» Data to examine
========================================================================

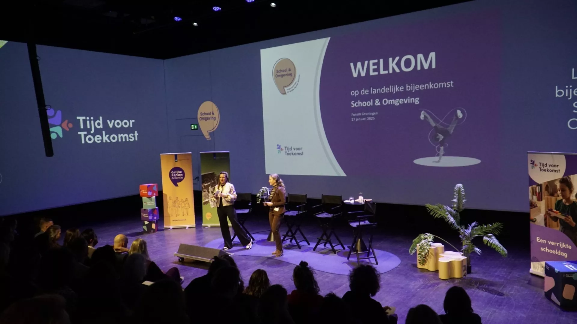 Op dinsdag 27 januari was de landelijke bijeenkomst van het programma School & Omgeving in Forum Groningen. Onderwijsprofessionals, gemeentemedewerkers en andere partners uit het hele land kwamen samen om kennis en ervaringen te delen over kansengelijkheid en de verrijkte schooldag. De bijeenkomst werd georganiseerd door de Gelijke Kansen Alliantie in samenwerking met lokale en regionale partners. Vanuit Tijd voor Toekomst werkten HANNN’ers Daniëlle en Janneke de afgelopen maanden hard mee aan de organisatie van deze dag.
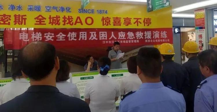 按照“安全生产月”活动方案,近日,汉台区市场监管局在“和谐春天”小区和汉中百嘉汇商业广场组织开展了电梯应急救援演练活动。
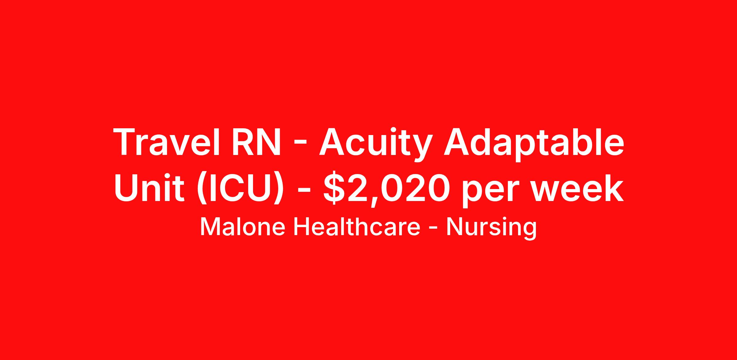 Malone Healthcare - Nursing is seeking a travel nurse RN ICU - Intensive Care Unit for a travel nursing job in Terre Haute, Indiana. Job Description & Requirements Specialty: ICU - Intensive Care Unit Discipline: RN Duration: 13 weeks 36 hours per week Shift: 12 hours, days, nights Employment Type: Travel About Malone Healthcare - Nursing With a commitment to providing a higher standard of service and experience in patient care, Malone Healthcare places expert nurses and allied health professionals in rewarding careers throughout the United States. As a leading healthcare staffing agency, Malone’s focus on compliance and integrity translates to a seamless experience for our team members and partner facilities. When you work with Malone Healthcare, you can rely on over 50 years of proven experience placing exceptional professionals in quality healthcare settings. Benefits Weekly pay Holiday Pay Guaranteed Hours Continuing Education 401k retirement plan Pet insurance Referral bonus Medical benefits Dental benefits Vision benefits License and certification reimbursement Life insurance
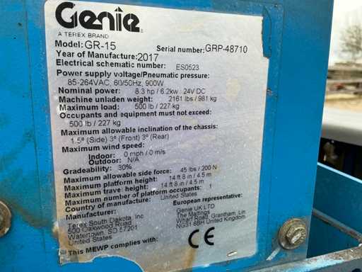 Plate-forme élévatrice Genie GR-15 2017
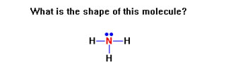 When there are four groups of electrons around the central atom, but only three atoms, the molecule is said to have a trigonal pyramid or triangular pyramid shape. Again, the lone pair is pushing the bonds down. The shape of the molecule is the bottom half of the tetrahedron, called a trigonal pyramid (or triangular pyramid). The difference between this shape and a tetrahedral shape (both of which can be imagined inside a pyramid with a triangle for a base) is that in a tetrahedral shape the central atom is in the middle of the pyramid, while in a trigonal pyramidal shape, the central atom is at the top of the pyramid. |
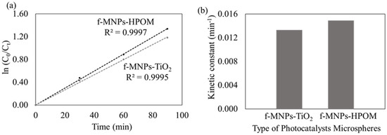 The photocatalytic degradation kinetics of MO were investigated to gain insight into the reactive kinetic behavior of MO degradation in the photocatalyst microspheres. The kinetic curves of MO degradation using either photocatalyst microsphere are well-fitted to the Langmuir–Hinshelwood pseudo-first-order kinetic model (R2 > 0.99), wherein (C0/Ct) was directly proportional to the contact time, as displayed in Figure 6a. Additionally, the kinetic constant is higher for the f-MNPs-HPOM microspheres than for the f-MNPs-TiO2 microspheres, at 0.0149 min−1 and 0.0133 min−1, respectively (Figure 6b). Hence, it can be concluded that the degradation of MO with f-MNPs-HPOM is not only faster (higher rate constant) but better (higher removal efficiency) than that with f-MNPs-TiO2 (Figure 4).
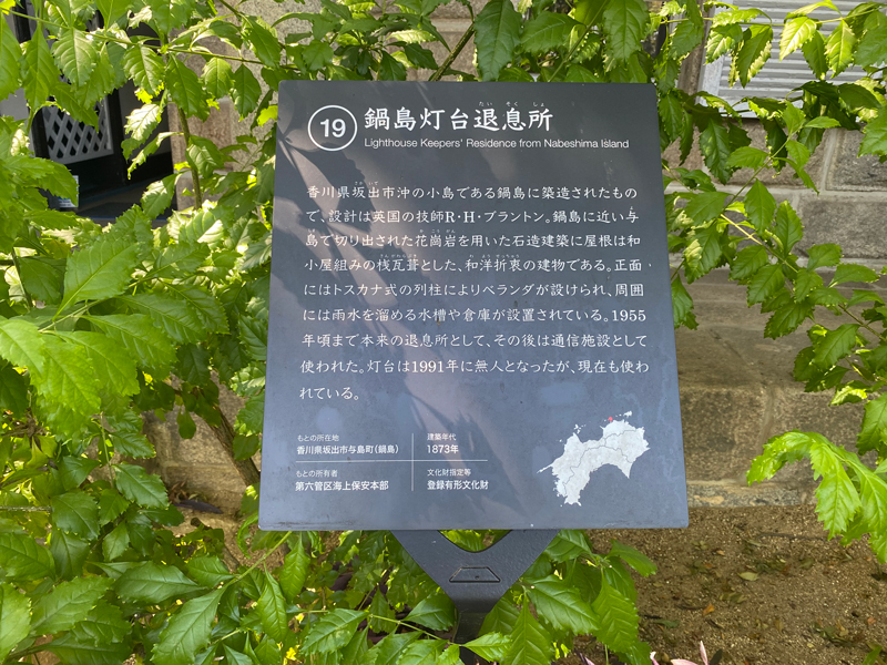 そこから奥に向かって灯台守の家族が寝泊まりするための灯台退息所が3棟並びます。手前から淡路島の北端にあった江埼灯台退息所、香川県坂出市の沖にある鍋島灯台退息所、愛媛県松山市沖のクダコ島灯台退息所。

========================================================================

» What you are asked to do
Copy everything in the records above except the pictures, exactly as written.

» Answer for this exercise
 Op dinsdag 27 januari was de landelijke bijeenkomst van het programma School & Omgeving in Forum Groningen. Onderwijsprofessionals, gemeentemedewerkers en andere partners uit het hele land kwamen samen om kennis en ervaringen te delen over kansengelijkheid en de verrijkte schooldag. De bijeenkomst werd georganiseerd door de Gelijke Kansen Alliantie in samenwerking met lokale en regionale partners. Vanuit Tijd voor Toekomst werkten HANNN’ers Daniëlle en Janneke de afgelopen maanden hard mee aan de organisatie van deze dag.
 按照“安全生产月”活动方案,近日,汉台区市场监管局在“和谐春天”小区和汉中百嘉汇商业广场组织开展了电梯应急救援演练活动。
 Malone Healthcare - Nursing is seeking a travel nurse RN ICU - Intensive Care Unit for a travel nursing job in Terre Haute, Indiana. Job Description & Requirements Specialty: ICU - Intensive Care Unit Discipline: RN Duration: 13 weeks 36 hours per week Shift: 12 hours, days, nights Employment Type: Travel About Malone Healthcare - Nursing With a commitment to providing a higher standard of service and experience in patient care, Malone Healthcare places expert nurses and allied health professionals in rewarding careers throughout the United States. As a leading healthcare staffing agency, Malone’s focus on compliance and integrity translates to a seamless experience for our team members and partner facilities. When you work with Malone Healthcare, you can rely on over 50 years of proven experience placing exceptional professionals in quality healthcare settings. Benefits Weekly pay Holiday Pay Guaranteed Hours Continuing Education 401k retirement plan Pet insurance Referral bonus Medical benefits Dental benefits Vision benefits License and certification reimbursement Life insurance
 Plate-forme élévatrice Genie GR-15 2017
 When there are four groups of electrons around the central atom, but only three atoms, the molecule is said to have a trigonal pyramid or triangular pyramid shape. Again, the lone pair is pushing the bonds down. The shape of the molecule is the bottom half of the tetrahedron, called a trigonal pyramid (or triangular pyramid). The difference between this shape and a tetrahedral shape (both of which can be imagined inside a pyramid with a triangle for a base) is that in a tetrahedral shape the central atom is in the middle of the pyramid, while in a trigonal pyramidal shape, the central atom is at the top of the pyramid. |
 The photocatalytic degradation kinetics of MO were investigated to gain insight into the reactive kinetic behavior of MO degradation in the photocatalyst microspheres. The kinetic curves of MO degradation using either photocatalyst microsphere are well-fitted to the Langmuir–Hinshelwood pseudo-first-order kinetic model (R2 > 0.99), wherein (C0/Ct) was directly proportional to the contact time, as displayed in Figure 6a. Additionally, the kinetic constant is higher for the f-MNPs-HPOM microspheres than for the f-MNPs-TiO2 microspheres, at 0.0149 min−1 and 0.0133 min−1, respectively (Figure 6b). Hence, it can be concluded that the degradation of MO with f-MNPs-HPOM is not only faster (higher rate constant) but better (higher removal efficiency) than that with f-MNPs-TiO2 (Figure 4).
 そこから奥に向かって灯台守の家族が寝泊まりするための灯台退息所が3棟並びます。手前から淡路島の北端にあった江埼灯台退息所、香川県坂出市の沖にある鍋島灯台退息所、愛媛県松山市沖のクダコ島灯台退息所。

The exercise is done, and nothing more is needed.